Assigned task: Through the line with "师生们在法院干警的引导下实地" and starting from the first line, return the records below word for word, with pictures left out.

Records drawn from a dataset:
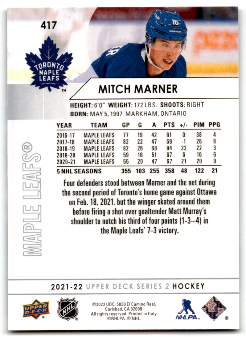 2021-22 Upper Deck 417 Mitch Marner | ||||||||||||||||
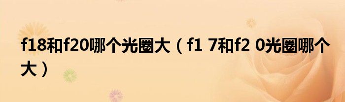 大家好,小晋来为大家解答以下问题,关于f18和f20哪个光圈大,f1 7和f2 0光圈哪个大很多人还不知道,今天让我们一起来看看吧!
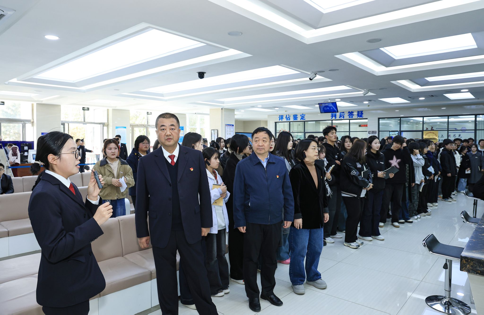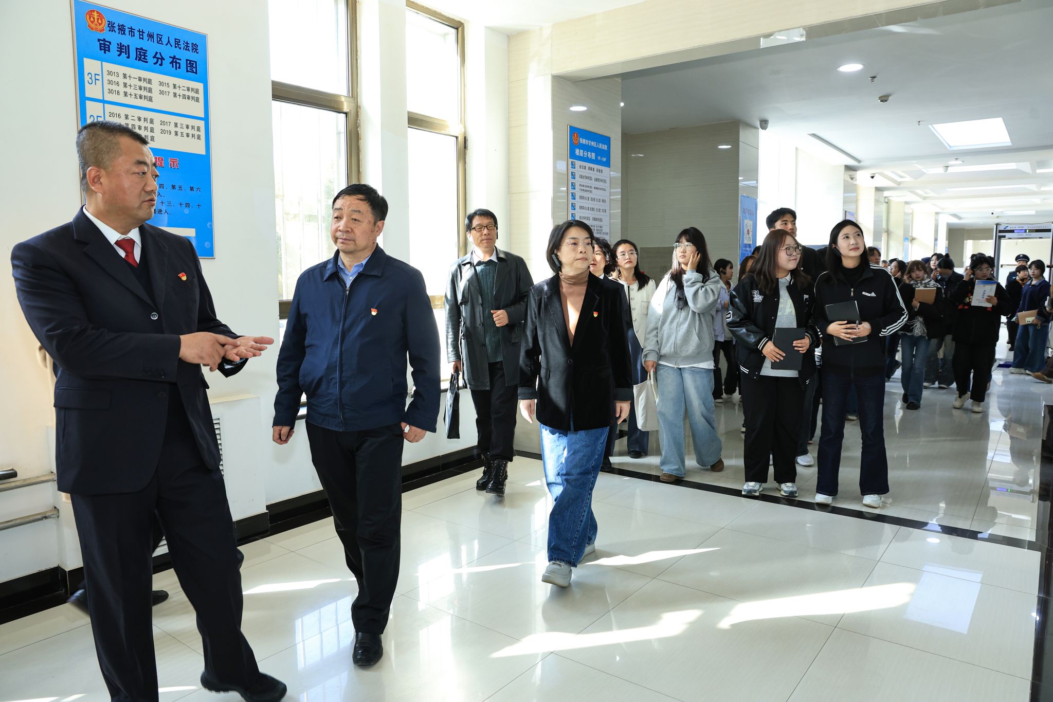 师生们在法院干警的引导下实地参观了甘州区人民法院诉讼服务中心、审判庭、执行指挥中心及党建文化长廊等。通过了解“一站式”诉讼服务流程、智慧法院建设成果及党建工作成效,学生们“零距离”感受司法为民的温度与科技赋能的效率,干警们严谨的职业素养和对法治信仰的坚守令在场师生深受触动。
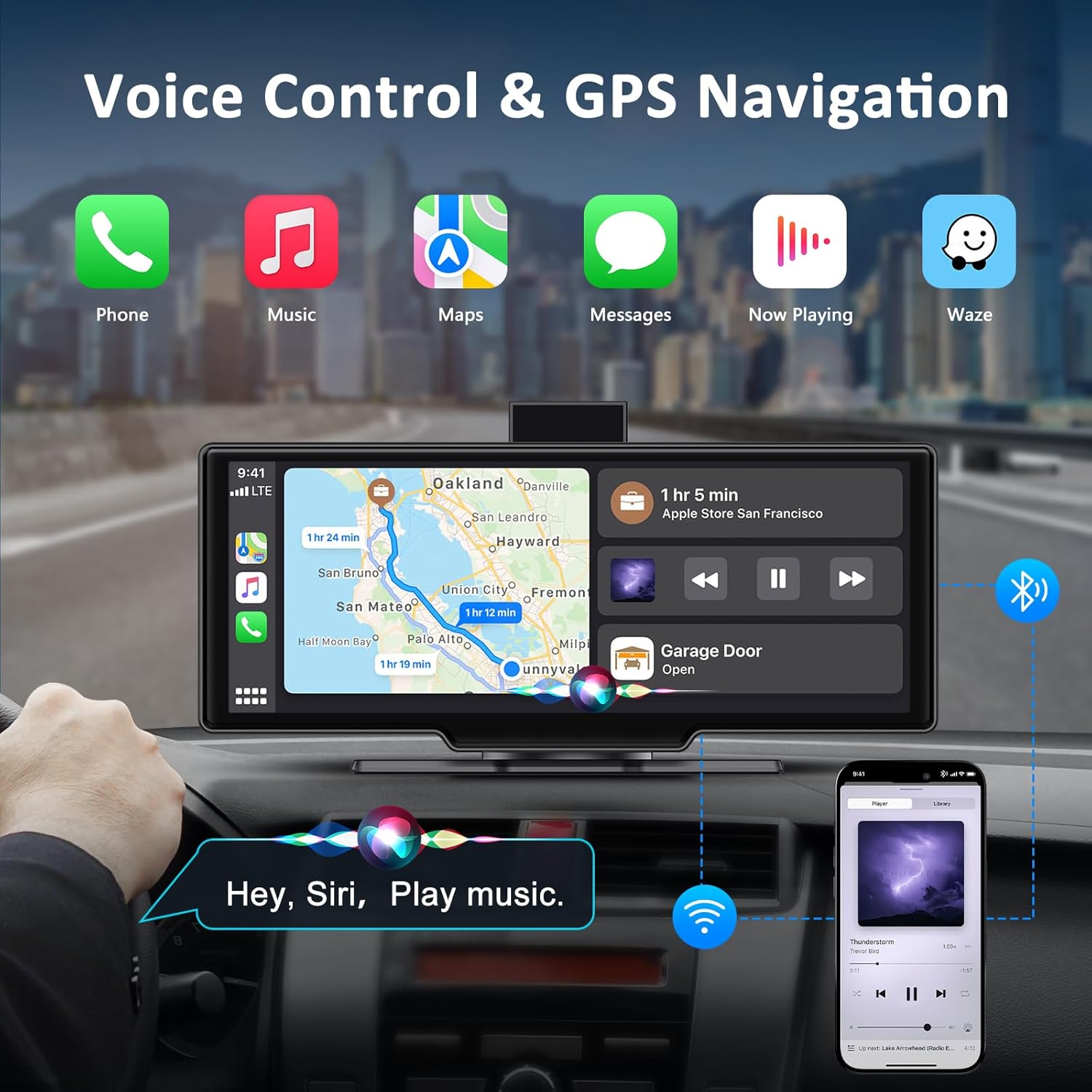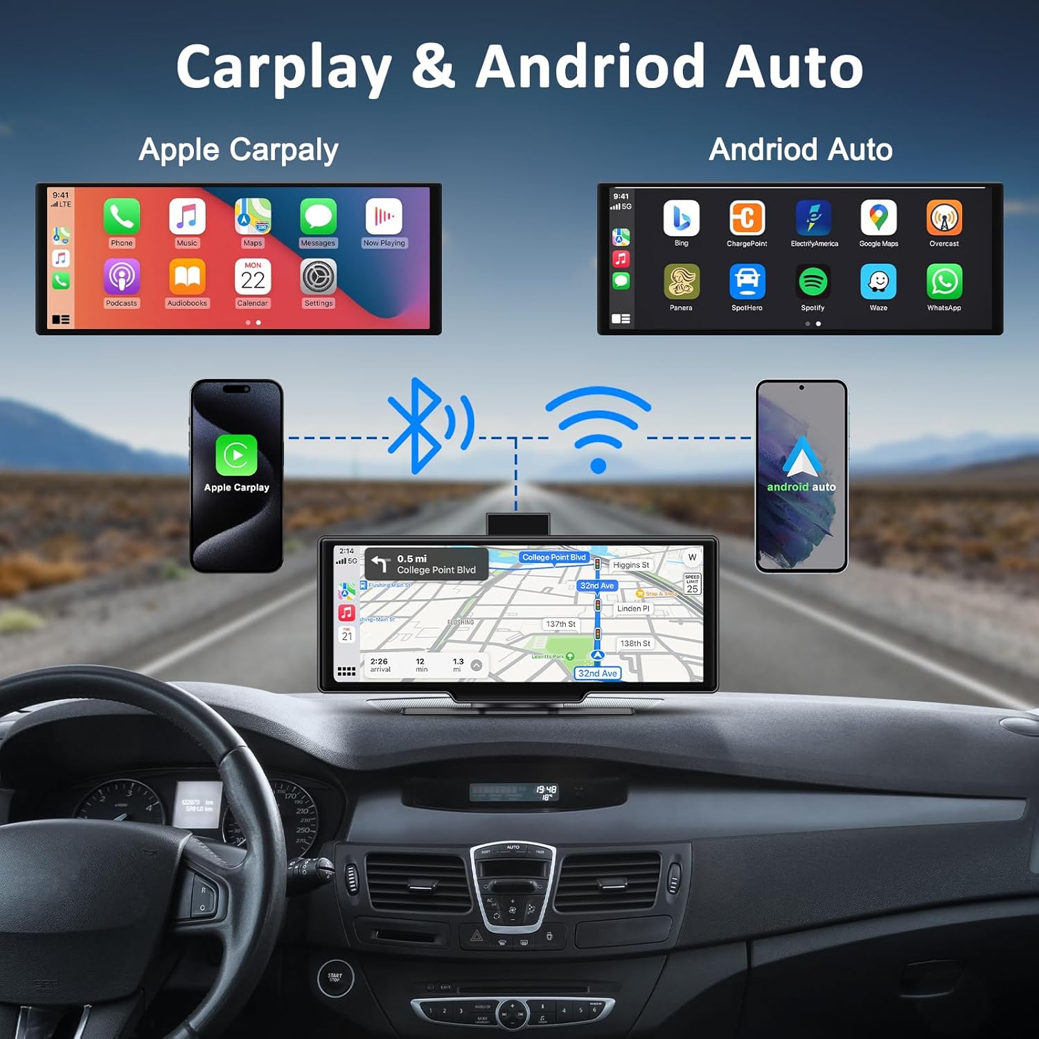 - 【Apple carplay & Android Auto】.Support all iphone and android phones, you can use Apple Carplay or Android Auto freely.Connect once and the navigation screen will automatically connect to your iphone every time you get in your car.you can direct access to maps, music and other apps
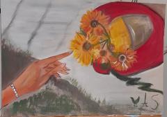 Sus obras nacen como necesidad de plasmar algo que late en su interior de la mano del deseo de expresar lo indecible. Sin detenerse en técnicas, juega con los colores y texturas hasta que la obra le cuenta por lo bajo que ya está dicho aquello que debía ser dicho. Así pinta, así escribe y así realiza su práctica cotidiana.
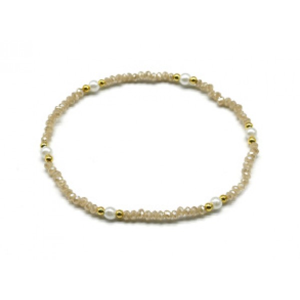 • Браслет из циркона с майоркой шарик гр.2мм цвет кремовый (иск.)
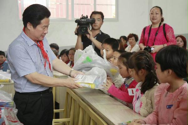 “感谢中建海峡的叔叔阿姨陪我们过‘六一’,还给我们送了那么多礼物,我们一定会好好学习,不辜负叔叔阿姨的希望。”2014年5月29日下午,在福建省宁德市柘荣县城关小学的阶梯教室,中建海峡副总经理、工会主席张俊华,办公室主任蒋俊棋,企业文化部执行总经理兼团委书记李琦山等相关人员和柘荣县城郊乡、岭边亭村领导一道看望慰问了近七十名在校的岭边亭村籍的孩子们,为孩子们带来了节日的祝福和礼物。
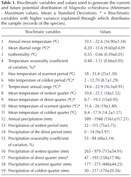 The BIOCLIM software of the package ANUCLIM 6.1 was used to generate 19 bioclimatic variables (Table 1) from the combination of the mean monthly layers of temperature and precipitation above referred, from which the bioclimatic profile of Magnolia schiedeana was also extracted (Lindenmayer et al., 1991; Téllez-Valdés and Dávila-Aranda, 2003; Téllez-Valdés et al., 2004, 2006; Villaseñor and Téllez-Valdés, 2004).
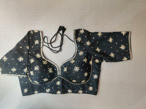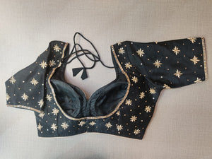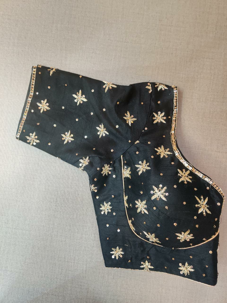 Beautiful black designer saree blouse with embroidered floral motifs. Buy designer blouse in USA from Pure Elegance.

Task answer:
 2021-22 Upper Deck 417 Mitch Marner | ||||||||||||||||
 大家好,小晋来为大家解答以下问题,关于f18和f20哪个光圈大,f1 7和f2 0光圈哪个大很多人还不知道,今天让我们一起来看看吧!
 师生们在法院干警的引导下实地参观了甘州区人民法院诉讼服务中心、审判庭、执行指挥中心及党建文化长廊等。通过了解“一站式”诉讼服务流程、智慧法院建设成果及党建工作成效,学生们“零距离”感受司法为民的温度与科技赋能的效率,干警们严谨的职业素养和对法治信仰的坚守令在场师生深受触动。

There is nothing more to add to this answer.